In relation to the other offences, they can, in my view, be appropriately dealt with by way of fine. In each case other than Charge 9 I will impose a fine of $400 and allow a period of 12 months in which to pay that amount. In relation to Charge 9 I will impose a fine of $600. The total of those fines is $2200.
Section 63(2) of the Road Transport (General) Act 1999 (ACT) gives rise to an automatic period of disqualification from holding a drivers licence of 12 months for a person convicted of aggravated dangerous driving. I will note that period of
disqualification. I will not make any order increasing that period.

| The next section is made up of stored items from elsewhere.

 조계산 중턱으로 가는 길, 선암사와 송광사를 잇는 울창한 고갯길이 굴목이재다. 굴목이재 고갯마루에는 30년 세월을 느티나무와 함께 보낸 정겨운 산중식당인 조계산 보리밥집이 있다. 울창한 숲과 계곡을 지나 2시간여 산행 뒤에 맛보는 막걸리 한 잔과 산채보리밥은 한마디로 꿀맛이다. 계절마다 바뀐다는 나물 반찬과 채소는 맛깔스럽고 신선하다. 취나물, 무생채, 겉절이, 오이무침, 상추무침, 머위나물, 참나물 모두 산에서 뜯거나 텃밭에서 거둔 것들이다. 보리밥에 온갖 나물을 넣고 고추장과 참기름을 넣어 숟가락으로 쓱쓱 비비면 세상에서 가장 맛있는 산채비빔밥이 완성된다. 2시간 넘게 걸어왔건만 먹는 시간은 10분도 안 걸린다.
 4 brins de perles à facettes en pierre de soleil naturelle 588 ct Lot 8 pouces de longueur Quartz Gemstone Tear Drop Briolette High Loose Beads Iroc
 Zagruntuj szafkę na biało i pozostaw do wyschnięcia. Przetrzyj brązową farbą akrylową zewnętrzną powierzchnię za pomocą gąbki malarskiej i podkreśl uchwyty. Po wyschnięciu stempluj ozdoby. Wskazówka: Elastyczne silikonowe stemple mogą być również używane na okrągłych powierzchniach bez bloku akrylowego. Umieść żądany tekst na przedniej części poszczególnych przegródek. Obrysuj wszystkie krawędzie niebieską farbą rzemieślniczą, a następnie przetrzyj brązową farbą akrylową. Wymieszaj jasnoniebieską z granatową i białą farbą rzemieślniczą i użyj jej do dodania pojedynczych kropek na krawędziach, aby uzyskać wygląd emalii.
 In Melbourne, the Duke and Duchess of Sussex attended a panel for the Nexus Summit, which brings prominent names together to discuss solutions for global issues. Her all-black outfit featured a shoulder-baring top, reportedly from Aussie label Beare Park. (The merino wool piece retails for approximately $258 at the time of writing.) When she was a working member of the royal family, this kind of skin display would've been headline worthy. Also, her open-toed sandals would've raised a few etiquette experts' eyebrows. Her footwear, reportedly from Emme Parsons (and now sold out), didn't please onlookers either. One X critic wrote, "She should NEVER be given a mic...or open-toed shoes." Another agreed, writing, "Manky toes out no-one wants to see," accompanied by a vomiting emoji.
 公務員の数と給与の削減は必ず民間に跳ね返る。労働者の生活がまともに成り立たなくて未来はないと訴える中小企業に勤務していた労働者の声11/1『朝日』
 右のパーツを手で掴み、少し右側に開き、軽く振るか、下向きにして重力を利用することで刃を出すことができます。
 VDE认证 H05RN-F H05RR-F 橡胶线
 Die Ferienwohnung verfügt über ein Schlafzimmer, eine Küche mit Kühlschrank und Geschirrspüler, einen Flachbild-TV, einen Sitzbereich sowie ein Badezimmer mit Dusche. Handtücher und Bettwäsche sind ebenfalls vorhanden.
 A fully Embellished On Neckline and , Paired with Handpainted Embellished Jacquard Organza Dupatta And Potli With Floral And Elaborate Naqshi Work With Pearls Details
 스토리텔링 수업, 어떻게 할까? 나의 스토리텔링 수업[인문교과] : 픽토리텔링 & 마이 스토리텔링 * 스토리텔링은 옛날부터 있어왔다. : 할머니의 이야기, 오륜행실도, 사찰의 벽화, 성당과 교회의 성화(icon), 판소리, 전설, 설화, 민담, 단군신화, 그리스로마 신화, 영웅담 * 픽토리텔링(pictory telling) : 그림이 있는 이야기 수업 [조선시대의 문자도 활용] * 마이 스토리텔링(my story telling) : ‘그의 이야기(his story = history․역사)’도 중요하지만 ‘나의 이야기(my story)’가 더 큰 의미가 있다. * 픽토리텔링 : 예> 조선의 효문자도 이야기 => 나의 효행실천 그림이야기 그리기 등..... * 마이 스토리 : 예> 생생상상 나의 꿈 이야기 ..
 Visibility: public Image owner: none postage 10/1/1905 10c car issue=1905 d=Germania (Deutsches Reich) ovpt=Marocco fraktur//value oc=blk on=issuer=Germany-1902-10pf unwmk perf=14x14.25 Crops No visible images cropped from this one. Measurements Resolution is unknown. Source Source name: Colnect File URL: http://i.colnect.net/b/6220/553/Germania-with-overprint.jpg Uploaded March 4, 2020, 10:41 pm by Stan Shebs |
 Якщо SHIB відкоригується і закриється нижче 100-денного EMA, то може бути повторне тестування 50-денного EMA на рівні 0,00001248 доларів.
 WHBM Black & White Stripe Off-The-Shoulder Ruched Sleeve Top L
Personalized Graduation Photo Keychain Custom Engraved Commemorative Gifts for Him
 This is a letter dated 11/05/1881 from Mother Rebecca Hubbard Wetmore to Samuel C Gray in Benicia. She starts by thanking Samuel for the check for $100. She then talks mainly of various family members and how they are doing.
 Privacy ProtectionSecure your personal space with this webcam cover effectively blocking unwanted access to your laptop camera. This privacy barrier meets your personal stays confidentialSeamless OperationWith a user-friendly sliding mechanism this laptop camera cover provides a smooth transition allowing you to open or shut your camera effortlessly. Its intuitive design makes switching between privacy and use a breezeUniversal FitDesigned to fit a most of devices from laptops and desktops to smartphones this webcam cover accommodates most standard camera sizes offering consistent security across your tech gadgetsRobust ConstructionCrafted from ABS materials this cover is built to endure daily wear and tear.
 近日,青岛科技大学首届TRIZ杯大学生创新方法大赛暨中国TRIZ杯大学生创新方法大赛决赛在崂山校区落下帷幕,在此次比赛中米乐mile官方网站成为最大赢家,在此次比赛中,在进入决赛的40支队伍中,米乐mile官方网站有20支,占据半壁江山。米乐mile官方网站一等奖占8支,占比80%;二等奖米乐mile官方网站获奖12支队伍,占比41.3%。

There appears to be no utility in such a course having regard to the other penalties imposed today and the fact that, in my view, it would be counter-productive to increase the period of disqualification beyond the automatic statutory period in circumstances where the capacity to obtain a driver’s licence may be significant for maintenance of stable employment and the ordinary conduct of a law-abiding life.
Orders
The orders of the Court are:
1.On charge CC2016/10677 (hindering a public official) the offender is sentenced to imprisonment for a period of four months which is to be suspended upon entering into an undertaking to be of good behaviour for a period of two years subject to the following conditions:
a. a probation condition that he be subject to supervision of the Director- General and comply with all reasonable directions of the Director- General for a period of 12 months or such lesser period as deemed appropriate by the Director-General;
b. that he is to attend such educational, vocational, psychological, psychiatric or other assessments, programs or counselling as directed;
c. that he is to supply samples of breath, blood, hair, saliva or urine for drug testing if required by the Director General; and
d. that he is to report to the ACT Community Corrections office at Level 1, 249 London Circuit, by 4:00 pm on Monday 4 December 2017.
2.On charge CC2016/10615 (common assault) the offender is sentenced to imprisonment for a period of three months concurrent with the sentence upon CC2016/10677 which is to be suspended upon entering into an undertaking to be of good behaviour for a period of two years subject to the same conditions as the Good Behaviour Order on CC2016/10677.
3.On charge CC2016/9314 (failure to wear a helmet) the offender is convicted and fined $400 and allowed 12 months to pay that fine.
4.On charge CC2016/12964 (unlicensed rider) the offender is convicted and fined $400 and allowed 12 months to pay that fine.
5.On charge CC2016/9321 (failure to stop vehicle when requested by police) the offender is convicted and fined $600 and allowed 12 months to pay that fine.
6.On charge CC2016/9315 (failure to wear a helmet) the offender is convicted and fined $400 and allowed 12 months to pay that fine.
7.On charge CC2016/12965 (unlicensed rider) the offender is convicted and fined $400 and allowed 12 months to pay that fine.
8.On charge CC2016/9319 (aggravated dangerous driving) the offender is convicted and sentenced to imprisonment for a period of two months cumulative as to one month upon the other sentences of imprisonment but
suspended upon the offender entering into a Good Behaviour Order for a period of two years upon the same conditions as the Good Behaviour Order on charge CC2016/10677.
9.I note the automatic disqualification period from holding a driver’s licence of 12 months (for CC2016/9319).
I certify that the preceding twenty-four [24] numbered paragraphs are a true copy of the Reasons for Sentence of his Honour Justice Mossop.